Comment 5 Niels de Vos 2018-11-29 14:14:08 UTC
bind-mounts are configured in cns-deploy and openshift-ansible. Changes will need to go there.

Comment 6 Niels de Vos 2018-11-29 14:28:51 UTC
Prasanna, it is possible to load the target_core_user module with the right parameters to prevent tcmu-runner from changing them? That would be a simple change/addition to /etc/modprobe.d/tcmu.conf. We may want to add that file if it is not provided yet.

Which parameters and which values would be needed? You can easily check this by loading the module with default parameters, checking /sys/module/target_core_user/parameters/* before and after it was modified.

Comment 8 Niels de Vos 2018-12-05 09:30:47 UTC
(In reply to Niels de Vos from comment #6)

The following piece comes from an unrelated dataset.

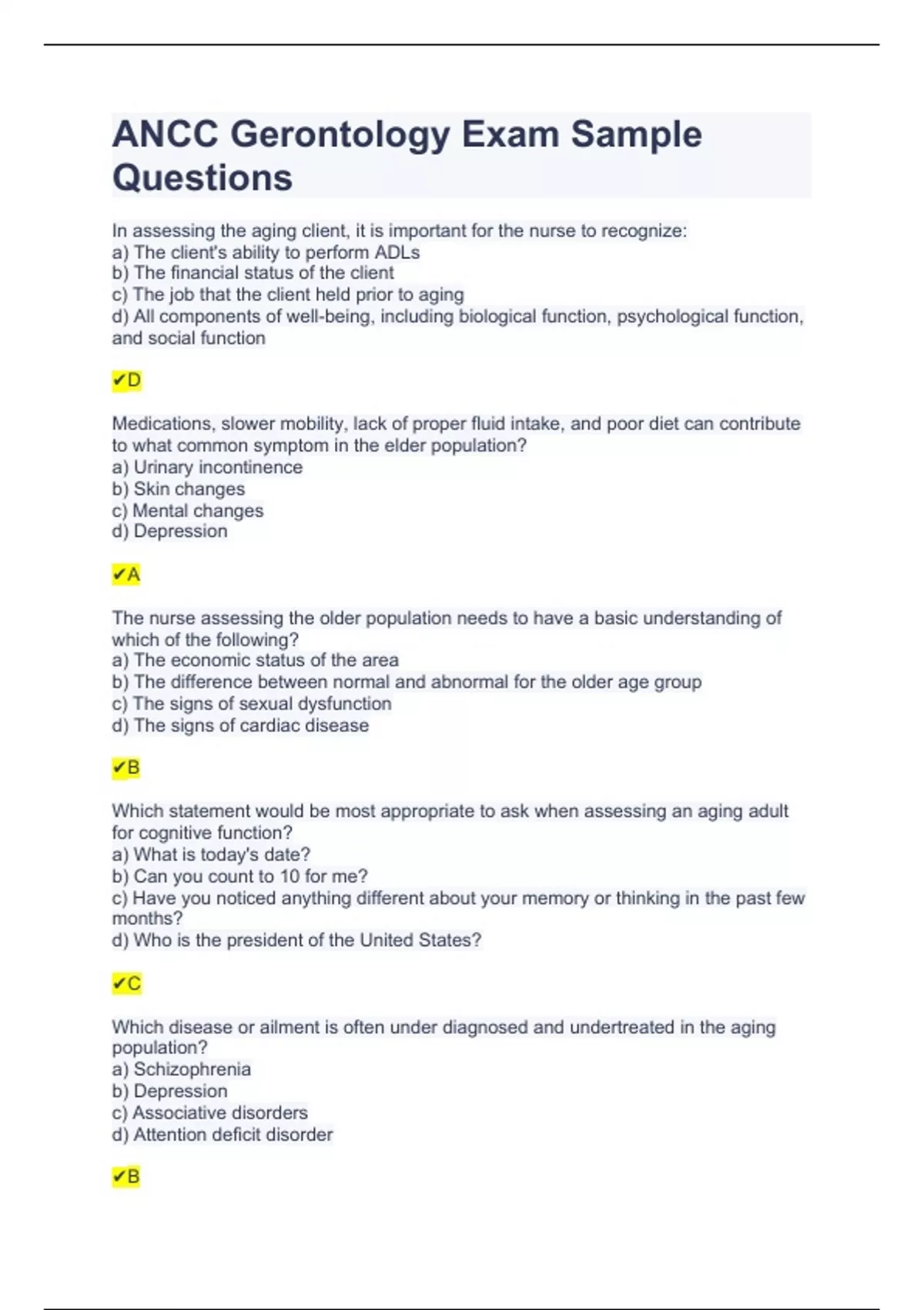 ANCC Gerontology Exam Sample Questions

It seems that tcmu-runner depends on at least the following behaviour:

1. modifying target_core_user kernel parameters while adding new block devices, 
   specially for resetting connections (looks like a *bad* API)

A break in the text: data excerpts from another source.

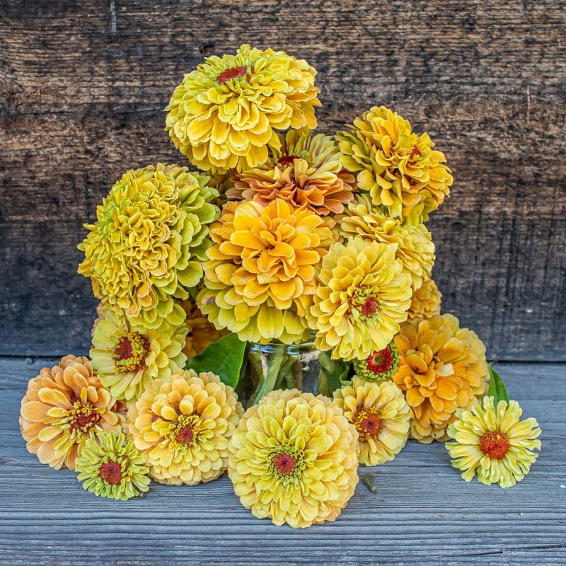Each flower has a slightly different variation of lemon and peach shades with raspberry-colored centers. The Queeny series is an outstanding new zinnia that outperforms the original standard. A mix of double, semi-double, or single, fade-resistant blossoms atop a sturdy, well-branching plant. One packet of seeds can supply you with a summer’s worth of cut flowers. Creates a captivating bouquet.
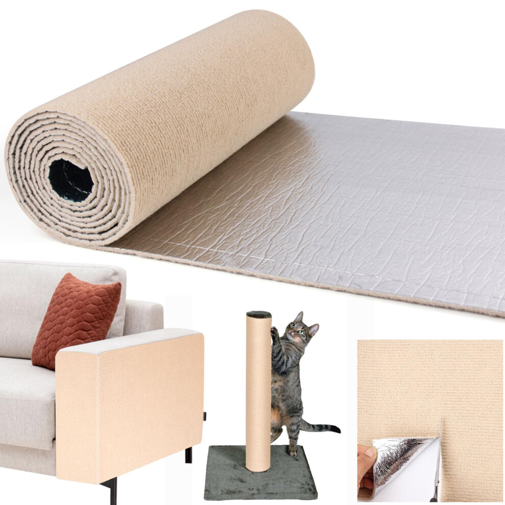 Adhesive Cat Scratcher Mat, Cat Scratching Post Diy Climbing Carpet, Trimmable Cat Scratch Furniture Protector Pad for Wall Couch (Khaki, 40x100cm)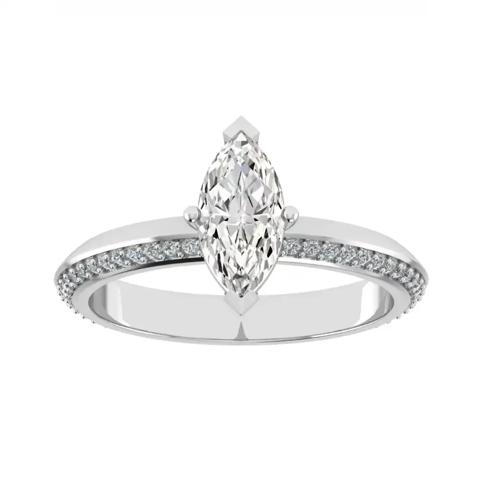 Contoured, chevron, and open bands are the most suited ring types for the brides who have already opted for the marquise diamond cuts because these designs and patterns resemble the shape and magnify the majesty of the diamond.

2. writable access to /sys/class/uio to create/configure /dev/uioN devices

3. read from dynamically created /dev/uioN devices


Because there is no guarantee that the required kernel modules are loaded on the host before the container starts, the /sys/module/target_core_user and /sys/class/uio directories may not exist yet. If these directories are missing, it will not be possible to configure bind-mounts for them. Failing to do so will prevent containers from starting.

This means that (1) and (2) can only be solved by adding bind-mounts to their parent directories that are guaranteed to exist (/sys/module and /sys/class).

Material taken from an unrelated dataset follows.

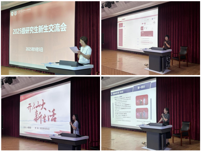 尚丽以研究生信息管理系统为载体,详细讲解了研究生阶段的培养计划、培养环节、课程类型、选课注意事项等。臧丽丽以“开启山大新生活”为主题,从“认识共青团”“共青团在山大”两部分着重介绍了发展团员流程、团员关系转接、推优入党、学院研究生会、学院社团发展等工作。张苗重点讲解了学生奖助勤贷政策和综合评价体系。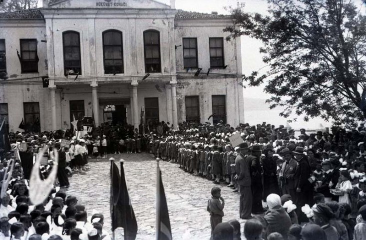 gayet muntazam ve ciddi geldiler, durdular. Arkadan öteki okullar. Önde iki

(3) is more difficult to solve, as CRI-O does not allow bind-mounting /dev anymore. It is unclear if uio is namespace aware (unlikely). Creating /dev/uioN device nodes from within the container will most likely only create the device nodes on the host, where tcmu-runner can not access them.


Prasanna, is that a complete description of what we discussed last week?

Comment 11 Niels de Vos 2018-12-27 15:23:44 UTC
https://github.com/gluster/gluster-kubernetes/pull/545 contains the changes to the daemonset templates that are needed to make gluster-block function again with recent versions of OCP.

Comment 23 errata-xmlrpc 2019-02-07 03:38:24 UTC
Since the problem described in this bug report should be
resolved in a recent advisory, it has been closed with a
resolution of ERRATA.

For information on the advisory, and where to find the updated
files, follow the link below.

If the solution does not work for you, open a new bug report.

https://access.redhat.com/errata/RHBA-2019:0284